P.S. An interesting point was brought by Andy in the later online chat:
in the case of https://www.openstreetmap.org/changeset/43749373
the errors were explicitly introduced by you. The links from OSM
to wikipedia were correct, the thing (probably a bot) creating the
wikidata from wikipedia didn't understand the breadth of what the
wikipedia article represented, and you incorrectly linked from OSM
to the wikidata article.
Andy, Wikidata ID is not correct or incorrect -- it is simply a number
assigned to a Wikipedia article. That number may have other
statements, which themselves may be incorrect.

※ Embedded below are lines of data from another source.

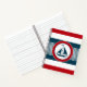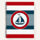 Nautical design with sailing boat decoration in round shape on blue, red and white striped background
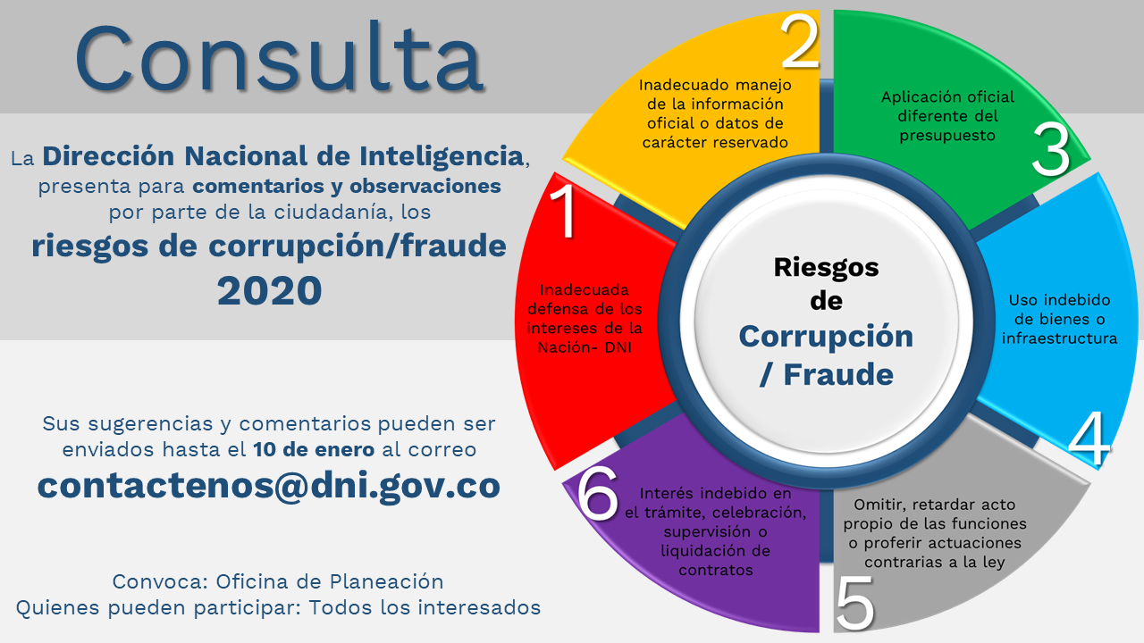 Para la Dirección Nacional de Inteligencia, es de gran relevancia conocer las opiniones de sus grupos de valor y partes interesadas sobre la información dispuesta para consulta, ya que le permite complementar y priorizar aspectos relacionados con su gestión, mejorando el cumplimiento de sus funciones en contribución al cumplimiento de los fines esenciales del Estado.
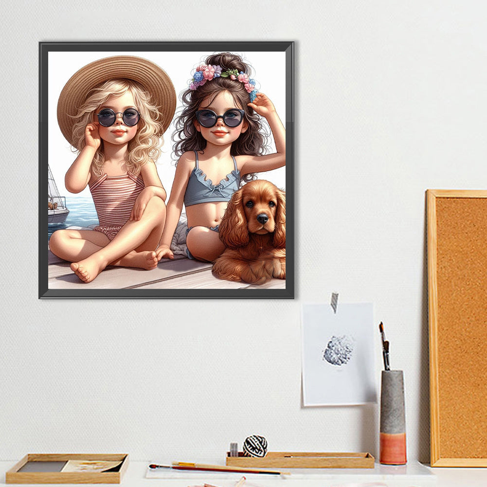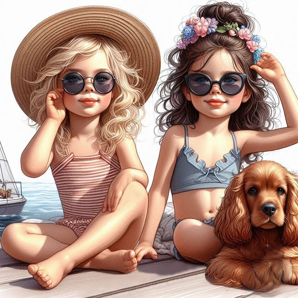 Diamond Painting - Full Round - Two Girls With Sunglasses (40*40CM)

Adding Wikidata ID
locks that Wikipedia tag in place, to keep it from going stale - in
case that page is renamed, and in case a disambig is created in its
place. In some cases, the concept presented in Wikipedia page is too
big for a single Wikidata entry, so someone may create additional
entries. Adding Wikidata ID to an OSM object is not incorrect - it
might simply be not precise enough, and can be improved with my
analysis tools. Not having wikidata ID is far worse, than having a
less precise one, because it cannot be easily analysed and worked on.
That's simply rubbish. Tags on an OSM object describe it in the real
world. They should be verifiable. Whether an OSM object has a wikidata
tag on it is essentially irrelevant as far as OSM is concerned - it's
just a primary key into an external database. External data consumers
might find the data in that database useful, but they can also get to it
via wikipedia tags (which, being human-readable, are more likely to be
maintained), so it's really not a big deal.